The three-dimensional quantification of fibre orientations (figure 4a) confirmed our visual impression that the collagen fibres in the adventitia were oriented more axially and showed higher anisotropy (note the dark blue regions between preferred orientations) compared with the media, where they were oriented closer to the circumferential direction and the fibre alignment was less pronounced (note the light blue to turquoise regions indicating some presence of fibres in all directions). By analysing the behaviour of relative amplitudes throughout the entire thickness of the aortic wall, we were able to identify depth-resolved changes in the structural organization of the collagen fibre families (figure 4b). For the first time to our knowledge, we present continuous quantitative data showing the presence of two counter rotating fibre families in the adventitia (lying within axial-circumferential planes), while only one fibre family with alternating orientations between sequential axial-circumferential planes was found in the media. The results for the location parameter μ in figure 6a, further highlighted the alternating nature of the preferred fibre orientations in the media, and the more fluctuating orientations in the adventitia, which was found to be characteristic of all five vessels, and corresponds well with previously reported differences in the qualitative mechanical stress–stretch response of abdominal aortas [41] and carotid arteries [46]. To validate our data, several z-stacks from nearby positions were acquired and analysed for each sample. Statistical analysis showed that differences in the neighbouring regions of the same sample were low and the reported morphologies were indeed representative for each vessel. For example, statistical comparisons (t-tests) among four z-stacks obtained from different positions of the vessel shown in figure 2 yielded no significant differences (p < 0.05) for the concentration parameters b throughout the media.

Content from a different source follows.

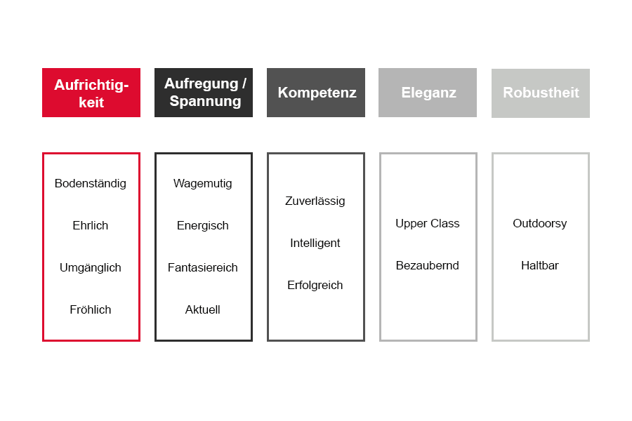 Nach diesem Modell lässt sich die Persönlichkeit von Marken in fünf Kerndimensionen einteilen: Aufrichtigkeit, Aufregung/Spannung, Kompetenz, Eleganz und Robustheit. Sämtliche Adjektive, die zur Beschreibung einer Marke geeignet sind, lassen sich einer dieser fünf Kerndimensionen zuordnen. Sammeln Unternehmen alle Adjektive, über die sie ihre Marke definieren wollen und weisen diese den jeweiligen Kerndimensionen zu, bekommen sie bereits einen Eindruck davon, welche Eigenschaften die Marke aufweist.

Compared with previous studies of collagen organization in human arteries [35,40,47], our method is non-destructive, yields continuous data throughout the entire thickness of soft biological tissues, therefore, allowing for investigations of specific locations inside the tissue (e.g. transition regions between the three arterial layers). Owing to the automated nature of our method, it is not subject to limitations such as human measurement bias or fair sampling (both pose a risk when, e.g. measuring collagen fibre angles using polarized light [8]).

With an ultimate tensile strength in the range of 50–100 MPa [48], collagen fibres are responsible for the strength and load resistance of the arterial wall. Therefore, understanding their microscopic structure and changing morphologies throughout the three layers of the wall is key in the analysis of mechanical quantities such as stress and strain, both of which are used as a basis for numerical modelling of growth and remodelling processes [49].